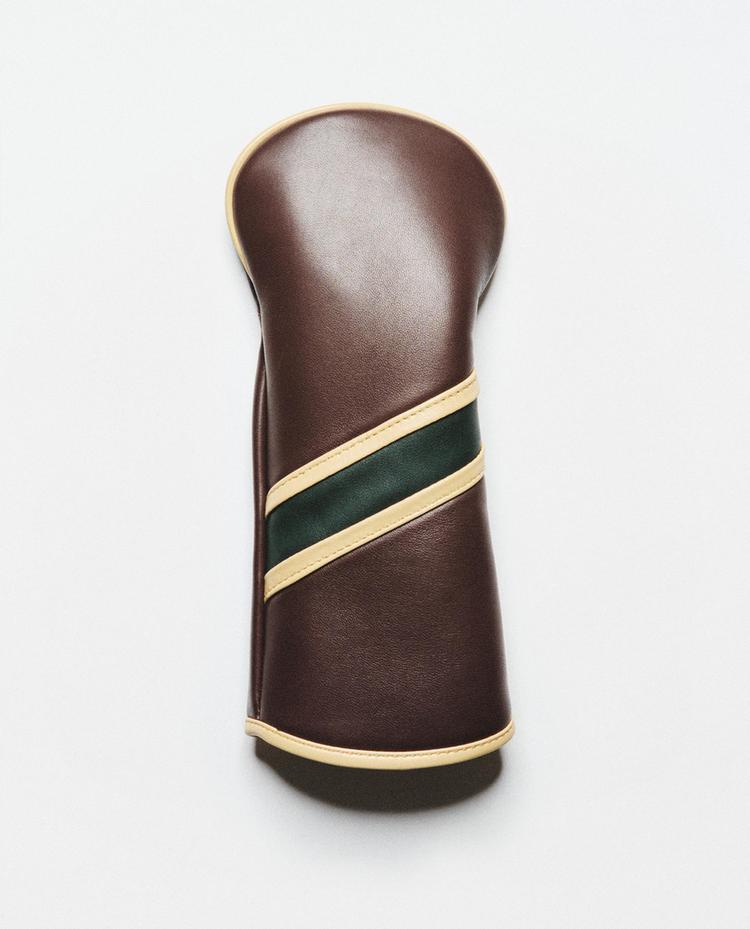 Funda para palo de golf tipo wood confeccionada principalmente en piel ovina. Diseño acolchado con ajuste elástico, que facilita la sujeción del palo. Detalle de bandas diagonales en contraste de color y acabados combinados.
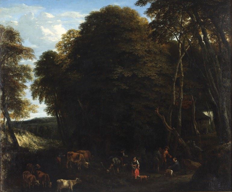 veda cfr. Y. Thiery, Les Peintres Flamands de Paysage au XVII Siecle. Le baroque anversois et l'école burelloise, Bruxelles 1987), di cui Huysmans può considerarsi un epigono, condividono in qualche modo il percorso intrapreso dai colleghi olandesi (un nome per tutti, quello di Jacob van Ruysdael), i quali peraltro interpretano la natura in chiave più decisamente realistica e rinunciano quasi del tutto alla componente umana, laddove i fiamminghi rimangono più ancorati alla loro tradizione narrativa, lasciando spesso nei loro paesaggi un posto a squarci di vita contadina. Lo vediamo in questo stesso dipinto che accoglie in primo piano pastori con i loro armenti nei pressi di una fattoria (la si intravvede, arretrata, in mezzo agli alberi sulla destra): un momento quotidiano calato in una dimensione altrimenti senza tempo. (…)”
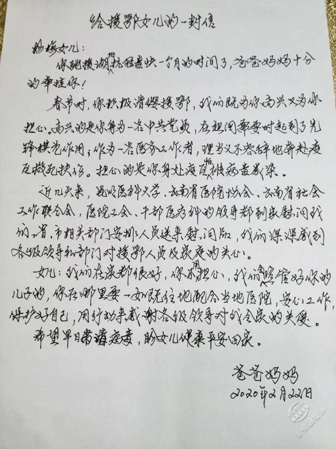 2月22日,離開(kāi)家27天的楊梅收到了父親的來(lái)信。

◆ **Task brief**: Retype all the data exactly. Omit pictures.

◆ **Written response**:
 Funda para palo de golf tipo wood confeccionada principalmente en piel ovina. Diseño acolchado con ajuste elástico, que facilita la sujeción del palo. Detalle de bandas diagonales en contraste de color y acabados combinados.
 veda cfr. Y. Thiery, Les Peintres Flamands de Paysage au XVII Siecle. Le baroque anversois et l'école burelloise, Bruxelles 1987), di cui Huysmans può considerarsi un epigono, condividono in qualche modo il percorso intrapreso dai colleghi olandesi (un nome per tutti, quello di Jacob van Ruysdael), i quali peraltro interpretano la natura in chiave più decisamente realistica e rinunciano quasi del tutto alla componente umana, laddove i fiamminghi rimangono più ancorati alla loro tradizione narrativa, lasciando spesso nei loro paesaggi un posto a squarci di vita contadina. Lo vediamo in questo stesso dipinto che accoglie in primo piano pastori con i loro armenti nei pressi di una fattoria (la si intravvede, arretrata, in mezzo agli alberi sulla destra): un momento quotidiano calato in una dimensione altrimenti senza tempo. (…)”
 2月22日,離開(kāi)家27天的楊梅收到了父親的來(lái)信。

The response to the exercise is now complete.